The explosion of murderous violence by Carrie in response to the humiliation at the prom is all-encompassing. Her monstrousness lies in the indiscriminate nature of her vengeance, killing not only those innocent of the pig blood attack (the two directly responsible, Chris and Billy, escape the gymnasium and Carrie’s fury, initially) but also Rita Desjardin, the character presented as most sympathetic to Carrie. It is this transgression, and similar to the transgression of moral norms that form the basis for Jean Grey’s monstrosity in ‘The Dark Phoenix Saga’, more than any other, for which Carrie is punished and must seek absolution. Berenstein (1996) explores the link between the female scream and the performance of normative femininity in Attack of the Leading Ladies. This normative femininity is expressed as submission to fear and a cry for (presumably) male help in being saved. There is an earlier performance just prior to Carrie’s killing of her classmates at the prom. De Palma initially shows us the horrified response of Carrie’s classmates when she is struck and covered with the pigs’ blood, giving the audience an objective view of the event and their reaction. The camera then slowly zooms in on Carrie’s horrified face, then cuts to a kaleidoscopic view of the students pointing and laughing at Carrie, capturing her subjective and imagined view of how they are reacting. Her absolution takes the form of Carrie’s reunion with her mother at the end of the film. Still covered in pig’s blood, Carrie has walked home from the school and makes her way upstairs. There, she draws a bath, undresses, and washes the blood from her body. Throughout all of this, she maintains a flat affect, expressing no emotion whatsoever. As the blood is finally washed from her face, she begins sobbing, feeling and expressing the full emotional weight of what has occurred. She has returned, briefly, to expressing normative femininity, and shortly after seeks comfort and forgiveness from her mother. What results is a final showdown between the two, as Carrie is punished narratively for her monstrousness, and by her mother for her expressions of womanhood. The confrontation leaves both Carrie and her mother dead, consumed in a fire and the resulting collapse of the house on the top of them, returning things to a state of normality.

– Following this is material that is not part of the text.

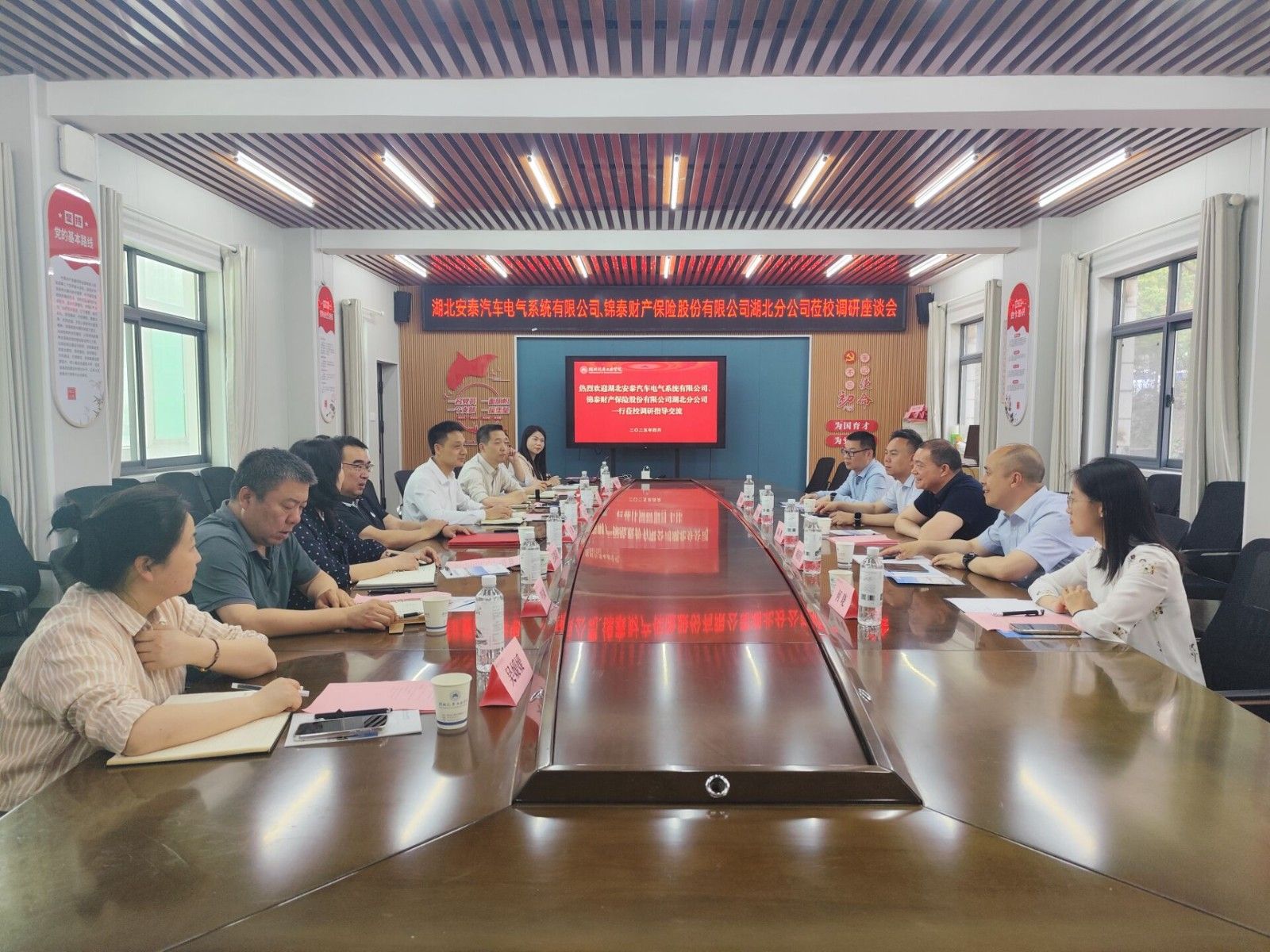 本网讯(文/图 王裕)4月16日下午,学校与湖北安泰汽车电气系统有限公司、锦泰财产保险股份有限公司湖北分公司座谈会在英国威廉集团二楼会议室举行。党委副书记、校长王晓,党委常委、党政办主任王文山,与来访企业代表齐聚一堂,共话合作发展。

Jean Grey and ‘The Dark Phoenix Saga’

The monstrousness of Carrie White and Jean Grey share a similarity beyond their psychic abilities. As Andrew Tudor describes in ‘Unruly Bodies, Unquiet Minds’, the monstrous female is ‘frequently rendered conventionally beautiful, and what is deemed monstrous about them is caught in the contrast between beauty and behavior’ (1995, p. 31). In the context of the Marvel universe, Jean Grey is already deemed monstrous through her existence as a mutant – born with an extra gene that gives her and others unnatural powers and abilities. Visually, however, she is drawn as the idealised and often sexualised female superheroine (which increases in her transition from Marvel Girl to Phoenix to Dark Phoenix). This transition takes place over dozens of issues of the Uncanny X-Men comic book series, and the later repetitions of this transformation and punishment can be charted through several years of subplots and plots. In brief, Jean Grey is born with a mutant gene, which becomes active during puberty. This allows her to move objects with her mind. As part of a team of mutants known as the X-Men, she is trained in the use of her powers and uses them to defend others. She takes on the persona of Marvel Girl, and throughout most of the first decade of the book’s existence she is primarily used as an object of male desire – pursued at various times by her teammates Scott Summers, Warren Worthington III and her mentor, Professor Charles Xavier.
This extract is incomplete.